In response, Alexander rejected Sanders’ definition of spying (implicitly suggesting it wasn’t fair), while using a dodge he repeatedly has: the Americans in question are not being targeted, even while they might be collected “incidentally.”

Nothing NSA does can fairly be characterized as “spying on Members of Congress or other American elected officials.”

[snip]

NSA may not target any American for foreign intelligence collection without a finding of probable cause that the proposed target of collection is a foreign power or an agent of a foreign power. Moreover, as you are aware, whenever an NSA activity results in the incidental collection of information about Americans, that information is handled pursuant to the very robust procedures designed to protect privacy interests — procedures that must be approved by the Attorney general or the Foreign Intelligence Surveillance Court, as appropriate. All those protections apply to members of Congress, as they do to all Americans.

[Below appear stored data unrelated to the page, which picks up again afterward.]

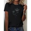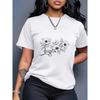 Cotton Women T-Shirts Fashion Simple Line flower Paintin Tees Casual Soft Short Sleeve Tops Loose Comfortable Street Clothes
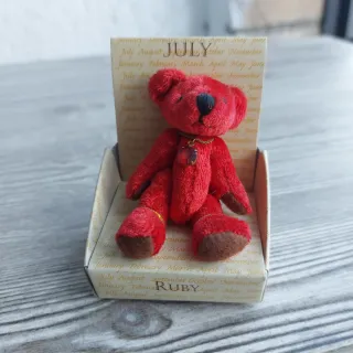 Dolce orsetto di peluche rosso, perfetto come idea regalo o da collezione. Presentato in una scatolina decorata con i mesi dell'anno e la scritta RUBY. - Colore: Rosso - Dettaglio: Ciondolo a forma di cuore con pietra rossa - Decorazione scatola: Mesi dell'anno e RUBY
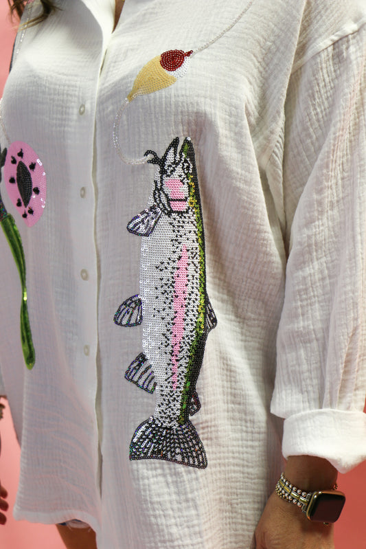 White Fishing Pole With Hooked Fish Gauze Button Up Collar Dress
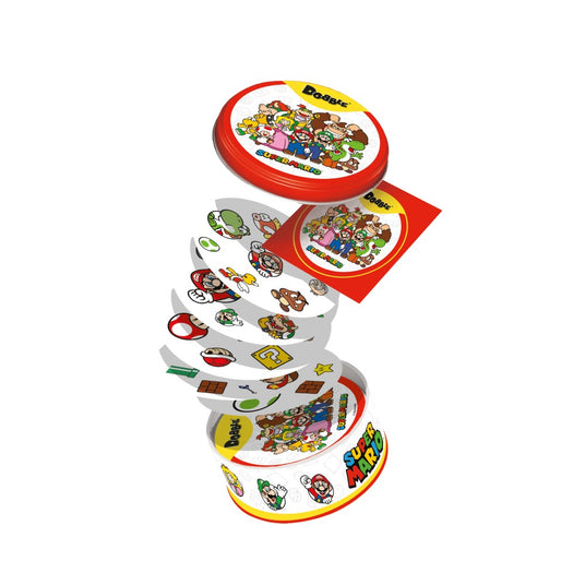 In Dobble, there is only one common symbol between two cards. Be the first to spot the match to win! This “Super Mario" edition of Dobble includes many symbols from the iconic Super Mario video games The small tin box makes it the perfect game to bring along and play anywhere.
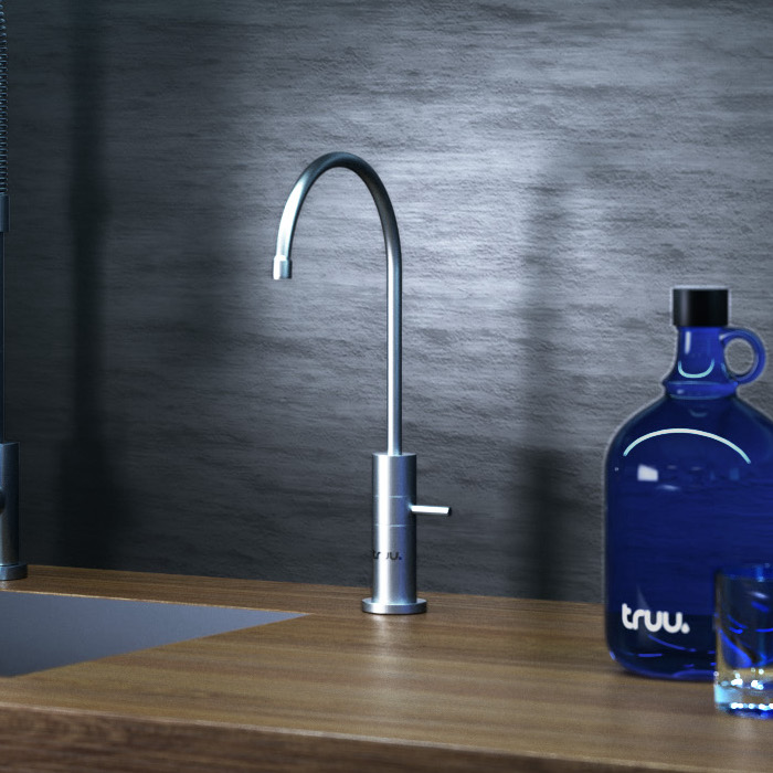 truu solo ist unser Standard-Edelstahlhahn. Du kannst aber gegen Aufpreis auf die hochwertige 3-Wege-Armatur truu trio upgraden. Bei beiden fließt dein truu original water bis zum Schluss durch chirurgischen Edelstahl. So bleibt es rein, bis ins Glas.
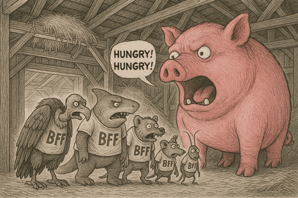 The next day the pig was as big as a house and whining, “Hungry, hungry, hungry!”
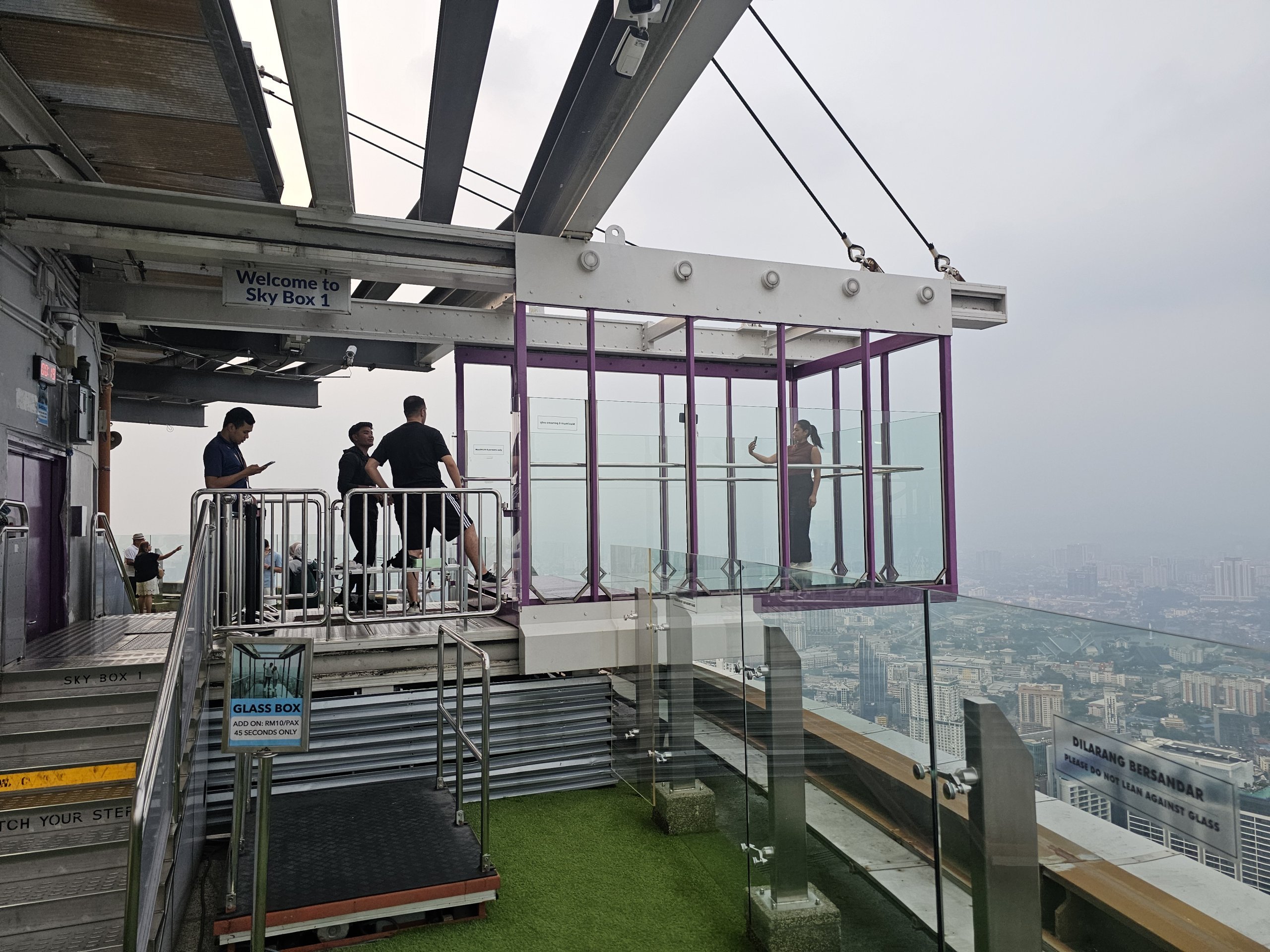 - Ini termasuk apa yang disebut Sky Box atau juga Glass Box, sebuah struktur yang menjorok ke tepi teras tempat Anda mengambil foto yang sangat unik, Anda membayar biaya 10 myr untuk 45 detik.
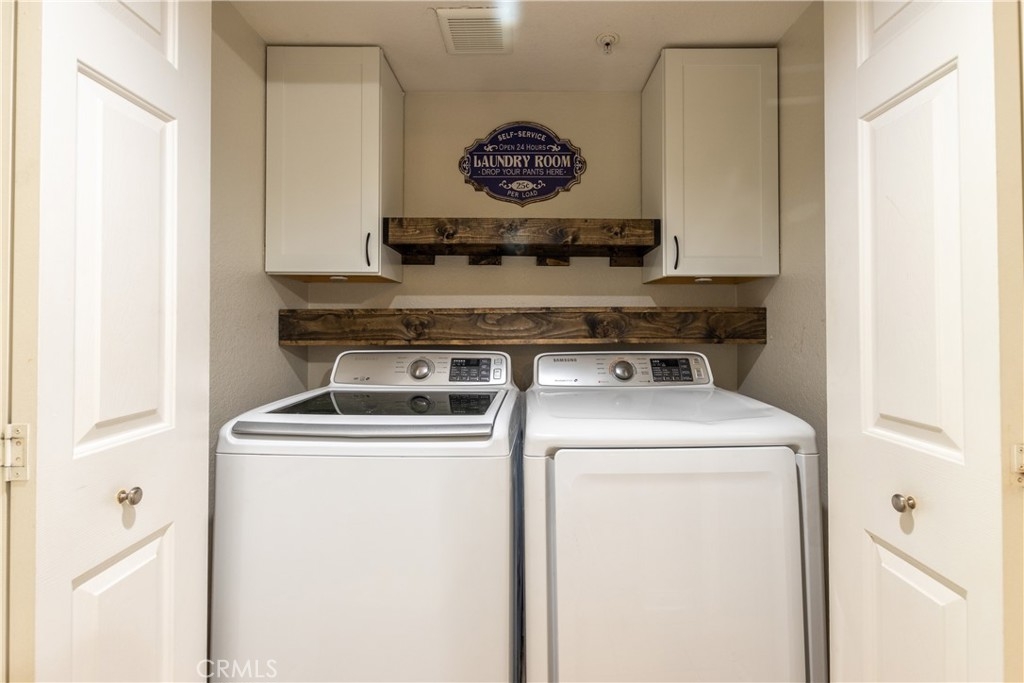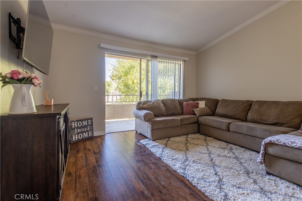 Rarely available 1 bed 1 bath top floor condominium in the highly desirable gated community of Triana. Enjoy your morning or evening relaxing on your private balcony with a beautiful park view that is accessible from the living room and bedroom! There are upgrades throughout this home with an open living area, spacious bedroom, bathroom, and walk in closet. The kitchen has stainless steel appliances with an included fridge, granite counters, and maple cabinetry with glass doors. The bathroom has been upgraded with granite countertops and a tiled shower. The living area has plenty of natural light, crown molding throughout, A/C, and upgraded laundry closet with in-unit washer and dryer hookups (washer & dryer included). Your property also includes a covered parking space, and there is plentiful guest parking within the community. The HOA dues include outside maintenance of the buildings, insurance, water, trash, and sewer. Enjoy life in this gated community with resort-like amenities including a large pool, spa, barbeque, fitness center, and clubhouse near the 91/15 freeways, shopping, restaurants, and the metro.

Alexander then addressed just one of the three kinds of spying Sanders raised: phone data (which, if I’m right that NSA strips Congressional numbers at the data integrity stage, is the one place Alexander can be fairly sure Sanders’ contacts won’t be found).

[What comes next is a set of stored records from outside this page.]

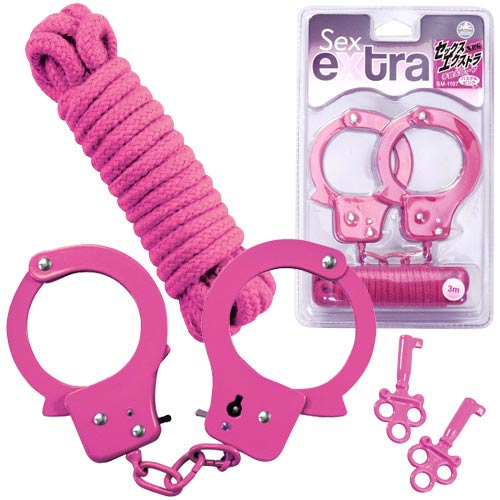 カラフルな手錠にロープが付いた拘束凌辱セット!
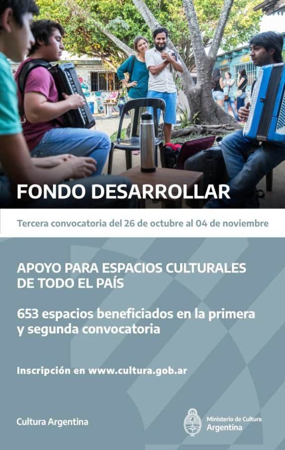El Fondo Desarrollar es un fondo federal concursable que brinda apoyo económico a espacios culturales de cualquier punto del país, para cubrir los gastos corrientes y operativos. Esto abarca a peñas, milongas, clubes de música en vivo, espacios de arte y diseño, librería, circo, danza y teatro independiente. Esta nueva convocatoria contempla, además, la adquisición de equipamiento necesario para afrontar las nuevas exigencias de esta etapa.
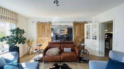 - Geräumiges Wohn - und Esszimmer mit Schiebetüren geteilt
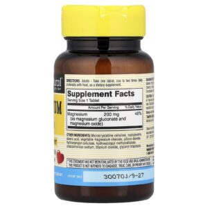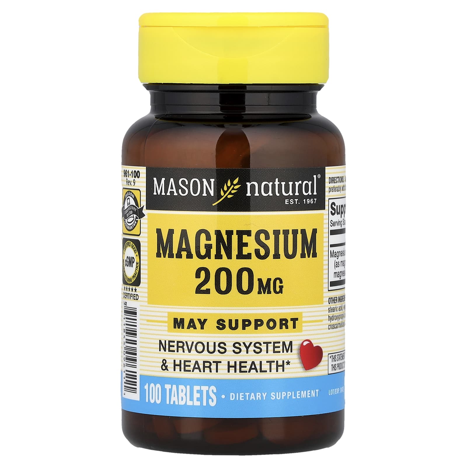 Mason Natural Magnésio 200 mg 100 comprimidos – Mason Natural Suplementos Minerais Magnésio Óxido de Magnésio.
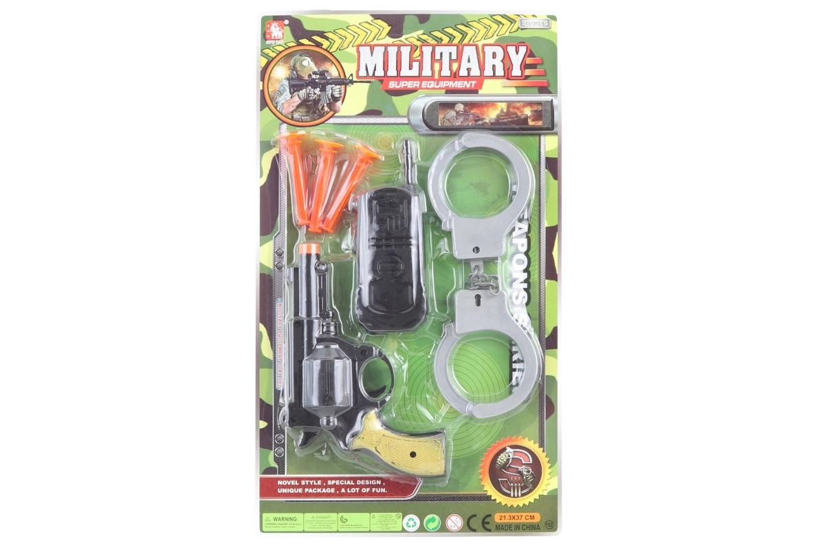 Zabaven vojaški komplet za male avanturiste z realističnimi dodatki za akcijsko igro. Vsebuje revolver, tri naboje s priseskom, voki-toki in lisice. Idealno za otroke od 3 let.
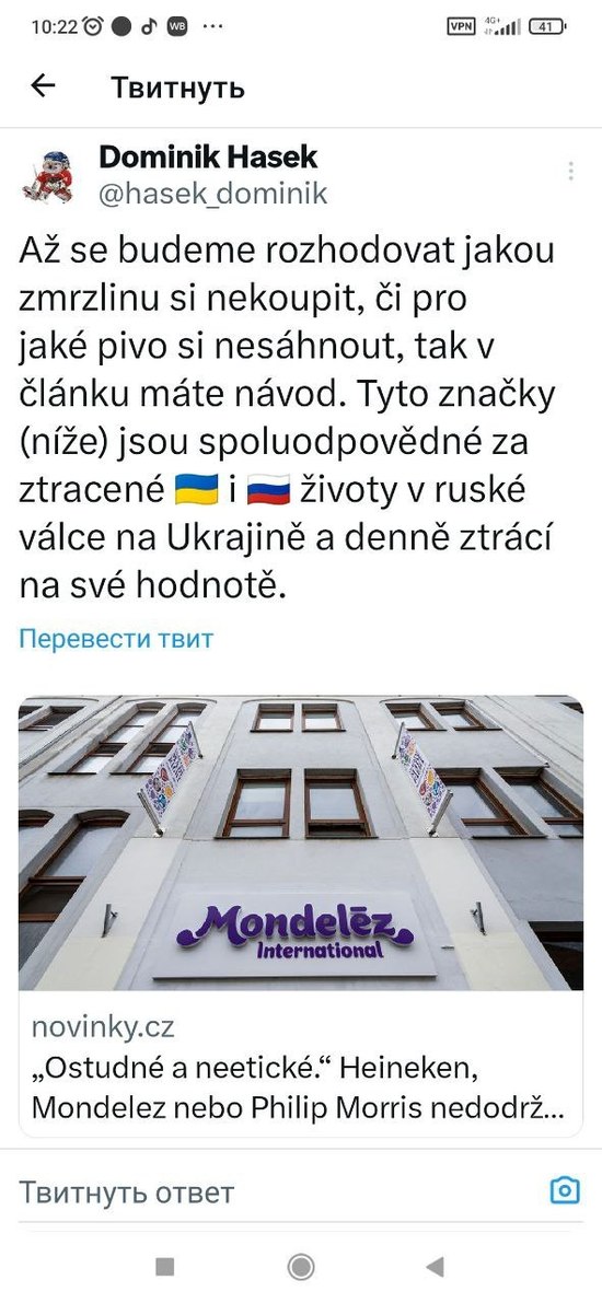 Расстроенный от такого полного игнорирования своих спортивно-политических идей, Гашек не нашел ничего лучшего, чем опубликовать на своей странице ябедно-жалобный пост в котором, он «стучит» на те европейские бренды, которые продолжают, несмотря, на санкции поставлять продукты и напитки в нашу страну. Чех призывает полностью бойкотировать продукцию таких компаний.
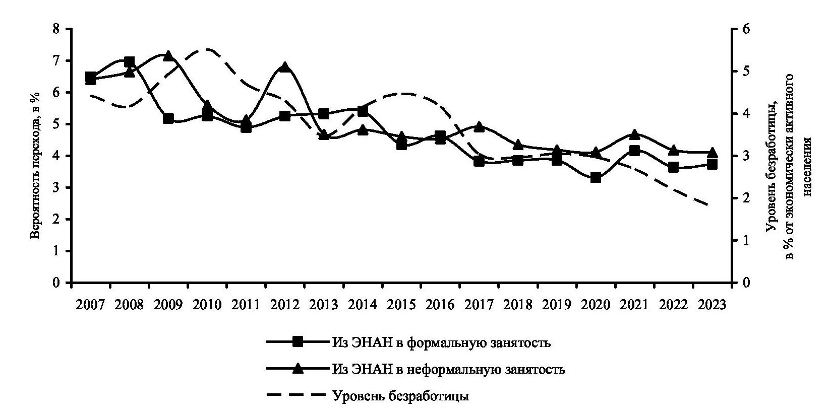 9 Всего за период 2007–2023 гг. было рассчитано 16 матриц, и для составления одной матрицы была необходима информация о текущем положении респондента на рынке труда в году N и о его положении в следующем году N + 1. Если в условном году M или следующим за ним M + 1 необходимые данные по какому-либо респонденту отсутствовали, то он не принимал участия в расчете этой матрицы, и при этом в расчет включались новые респонденты, которые наблюдались как в году М, так и в году M + 1. Информация из матриц далее использовалась для построения временных рядов для анализа динамики вероятностей перехода, представленная на рис. 2–5.

Your letter focuses on NSA’s acquisition of telephone metadata…

And used the controls imposed on the raw data of the phone dragnet as an excuse for not answering Sanders’ question.

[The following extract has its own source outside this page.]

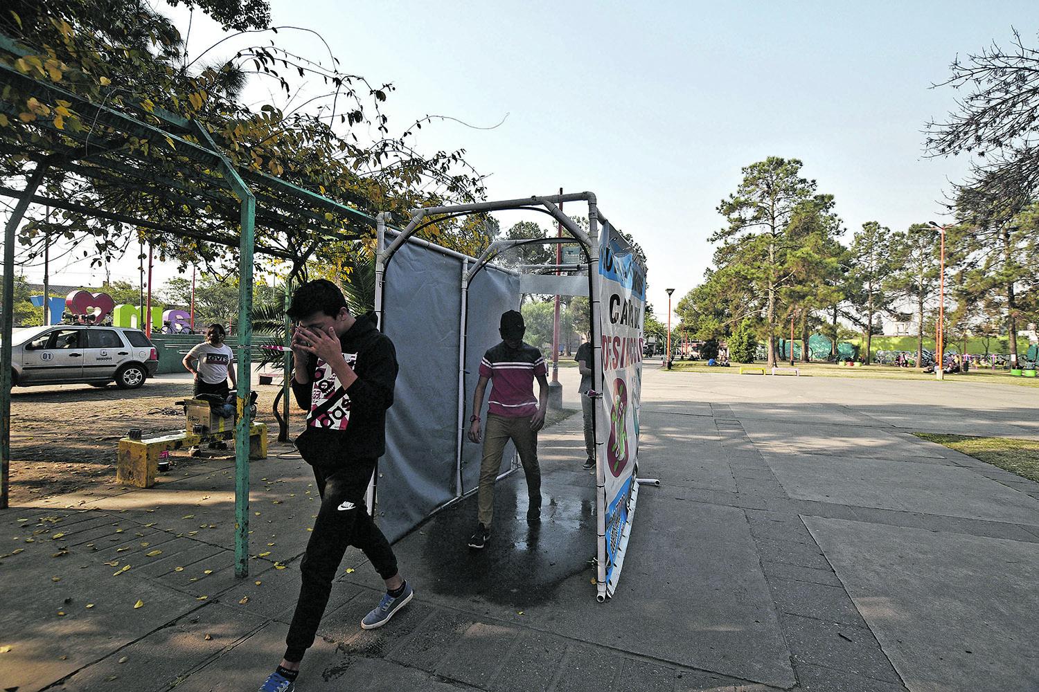 En los paseos públicos se instalaron cabinas de sanitización, puestos con alcohol en gel y personal municipal desinfectó los juegos infantiles. Se marcaron círculos en los cuales no podían permanecer más de 10 personas. Y se instalaron carteles con recomendaciones.

Among those protections is the condition that NSA can query the metadata only based on phone numbers reasonably suspected to be associated with specific foreign terrorist groups. For that reason, NSA cannot lawfully search to determine if any records NSA has received under the program have included metadata of the phone calls of any member of Congress, other American elected officials, or any other American without that predicate.

Alexander totally ignored Sanders’ two other specified concerns: emails sent and websites visited.

Which is mighty convenient, because for a very large segment of that collection (the internet metadata collected under EO 12333 and via PRISM, though not the data collected domestically before 2011 or domestic upstream collection), NSA believes it doesn’t even need Reasonable Articulable Suspicion to search on US person identifiers. The same is true for any phone dragnet data that has been returned on a query and dumped into the “corporate store,” or any phone data collected overseas. NSA could easily search in those databases for Sanders’ name and identifiers — it insists it can! — to provide him a specific answer to his question about Internet metadata.

The one Alexander rather pointedly didn’t answer.

Of course, former FISC Judge John Bates has told NSA — on two different occasions — that collecting US person data domestically only becomes illegal once NSA knows it is doing it, strongly implying that the NSA would do well to retain plausible deniability about doing so if it doesn’t want any trouble from the FISC.

Frankly, I think all members of Congress, especially those like John McCain and Mark Kirk who spend a lot of time talking to leaders we probably do wiretap as much as we can, should be worried about having their conversations surveilled (and I think that explains why Congress in general and McCain in particular got newly concerned about the spying when the extent of foreign leader wiretapping became clear). Because they chat up foreign leaders so frequently, they are likely to be caught up as “incidental” collections.

The could find out, of course! Just ask NSA to do a back door search, of most things but raw US collected metadata, and the NSA has the ability to tell them whether they’ve been searched.